Chapter 4: Simulation-Based Optimization of Refinery Valve Inspection Frequency This chapter presents a simulation-based optimization approach to determine the best dynamic inspection policy of relief valves in a large petroleum refinery. A simulation model is used to minimize the total inspection, repair, and failure risk cost. The model is used to determine the optimum inspection frequency for each valve, i.e., the intervals between successive inspections, depending on the valve’s individual characteristics and previous inspection results. Simulation is used because this optimization problem involves uncertainty and multiple interacting factors such as valve pressure, temperature, medium, age, and size.

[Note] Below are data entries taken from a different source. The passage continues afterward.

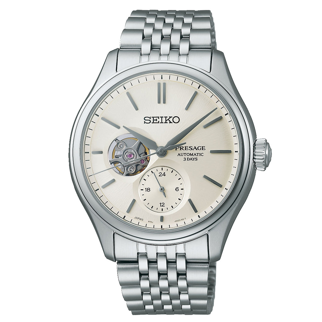 Introducing the Seiko Presage Classic Automatic Watch SPB469J - a timepiece that combines sophistication and functionality. Powered by the movement of the wearer, this analogue watch boasts a 40.2mm stainless steel case with an exhibition case back and is water-resistant up to 100 metres. Elevate your style with this luxurious and tasteful accessory.
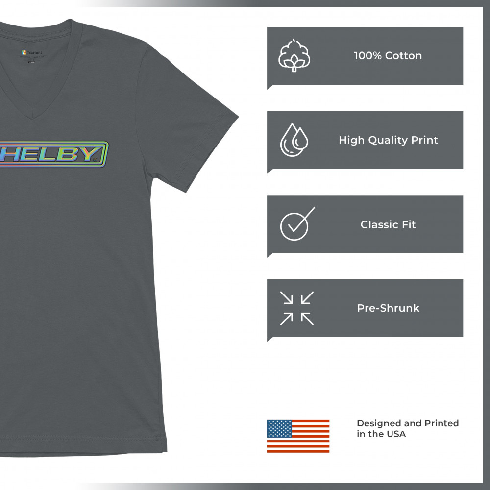 This holographic Shelby logo is an electrifying salute to an enduring legend of the American racetrack. It embodies the storied history of Carroll Shelby's vision, from the powerful drag of a GT350 to the robust growl of a GT500. Embrace the drift and drive that has defined the Mustang, captured in apparel that's perfect for any enthusiast's collection—be it a tshirt, hoodie, hat, or jacket. This licensed design honors years of muscle innovation, a true gift for the die-hard fan.
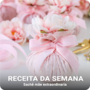 Para dar um charme a mais ao produto com auxílio da cola quente, colamos bem ao centro do sachê uma Rosa Alberic da cor rosa e branca, na parte de cima. Fará toda a diferença para deixar os sachês com um acabamento delicado e charmoso.
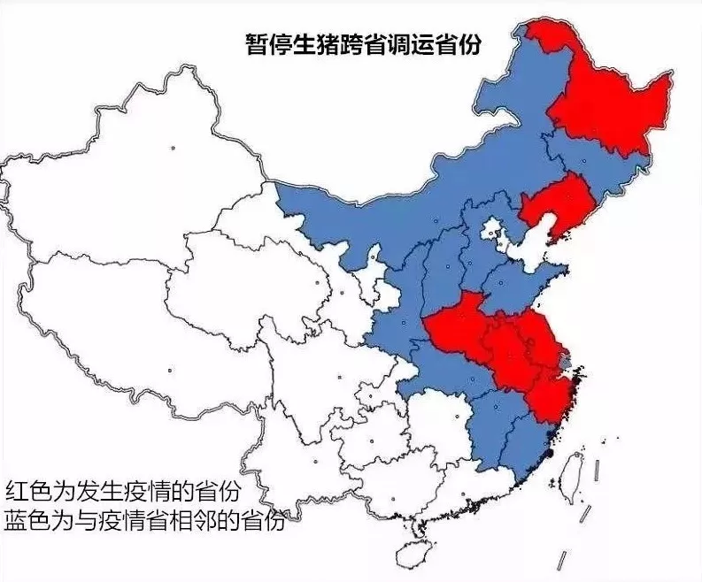 目前全國共有6省份出現(xiàn)了非洲豬瘟疫情,分別是遼寧省、河南省、江蘇省、安徽省、浙江省、黑龍江省。再加上此次10個(gè)與發(fā)生非洲豬瘟疫情省相鄰的省份暫停生豬跨省調(diào)運(yùn),全國共有16省份暫停了生豬跨省調(diào)運(yùn)。
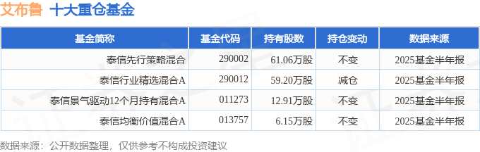 持有艾布魯最多的基金為泰信先行策略混合,目前規(guī)模為4.17億元,最新凈值0.5967(8月26日),較上一交易日上漲0.08%,近一年上漲33.05%。該基金現(xiàn)任基金經(jīng)理為王博強。
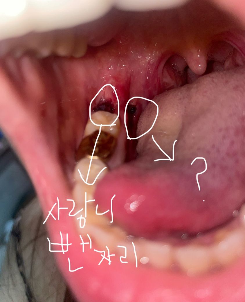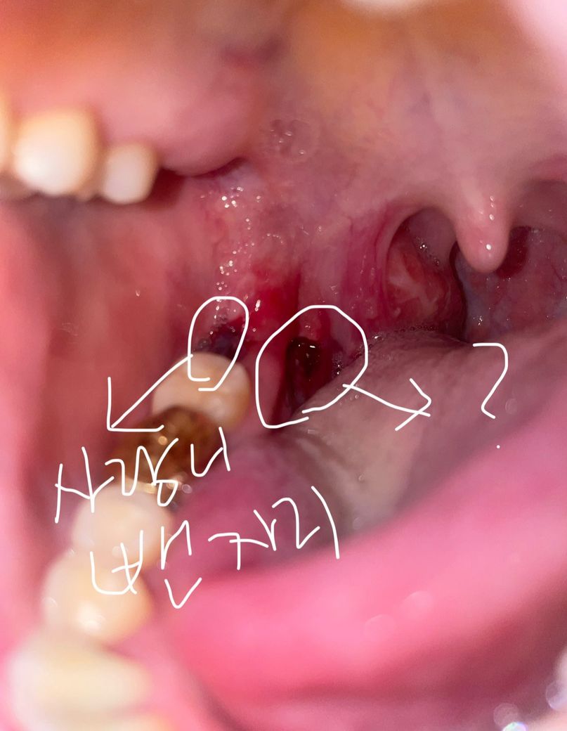 아까 포스트했었는데 더 많은 의견을 듣고자 다시 포스팅합니다. 사랑니 뺀 자리 옆에 더 크게 구멍이나고 그 위에 피떡이 생긴 듯한 모습이 보이는데요 이거 뭘까요?
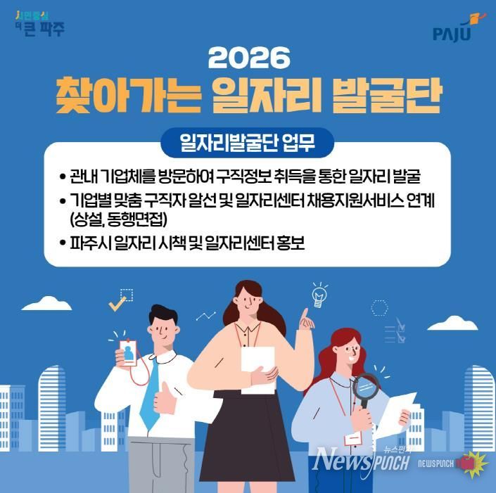뉴스펀치 박상훈 기자 | 파주시는 파주형 희망일자리 사업의 일환으로 추진 중인 ‘찾아가는 일자리발굴단’활동에 참여할 기간제 근로자 2명을 모집한다.
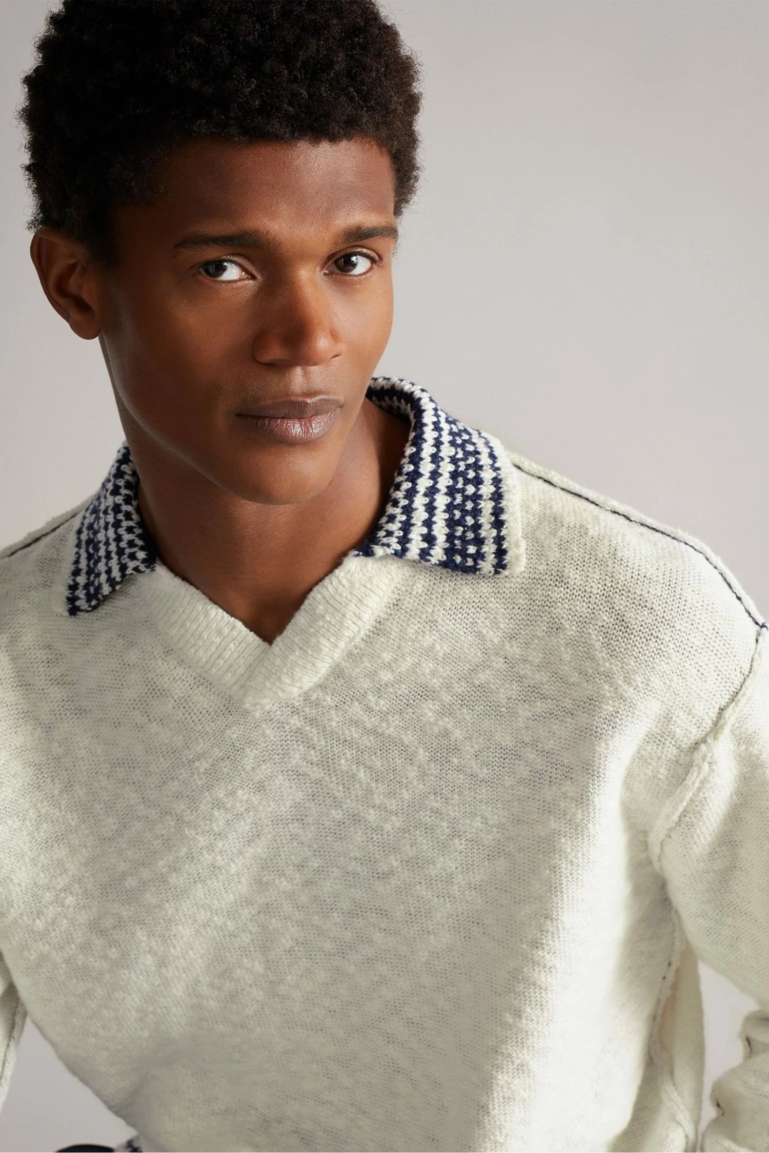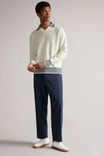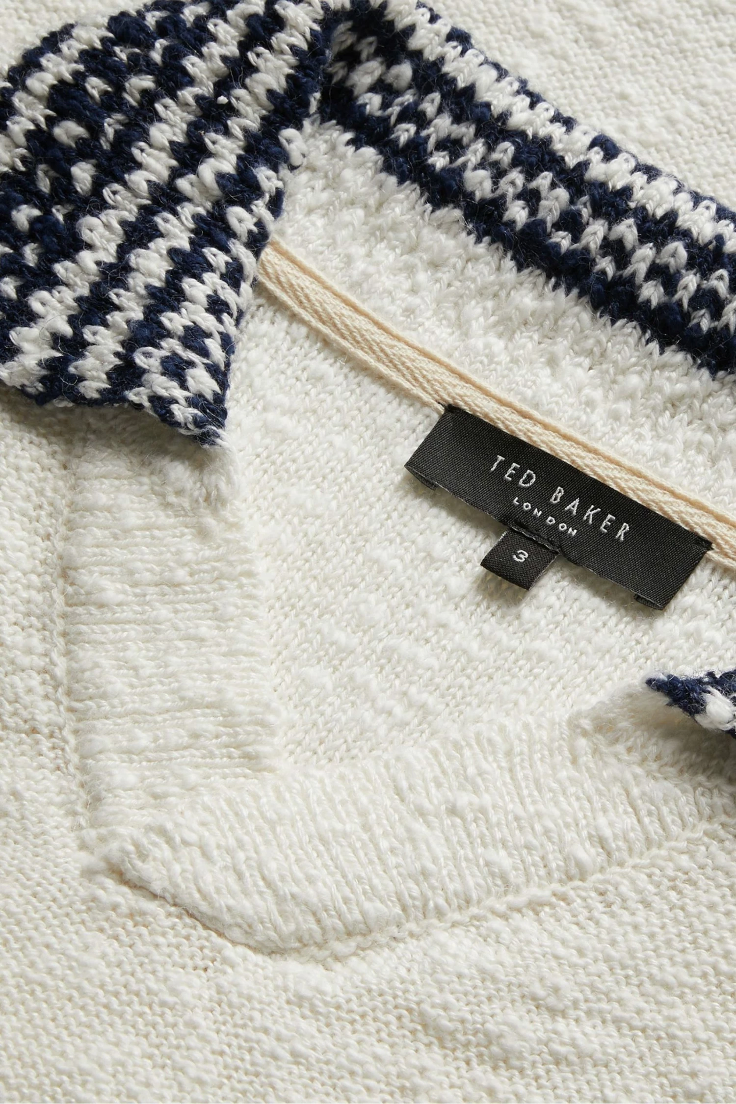 Ted Baker Cream Burlee Long Sleeve Open Striped Collar Crew Shirt

Chapter 5: Operations and Workforce Scheduling for Refinery Turnaround Maintenance This chapter considers workforce assignment and job scheduling for turnaround (shutdown) maintenance in a large oil refinery. The maintenance workforce must be divided into several teams that work in parallel on different sets of maintenance tasks. The objective is to minimize the total shutdown period, assuming the duration of each task is a function of the size of the assigned team. Optimization models and solution algorithms are developed for this scheduling problem. The model determines the number of maintenance teams, the size of each team, and the set and sequence of tasks assigned to each team.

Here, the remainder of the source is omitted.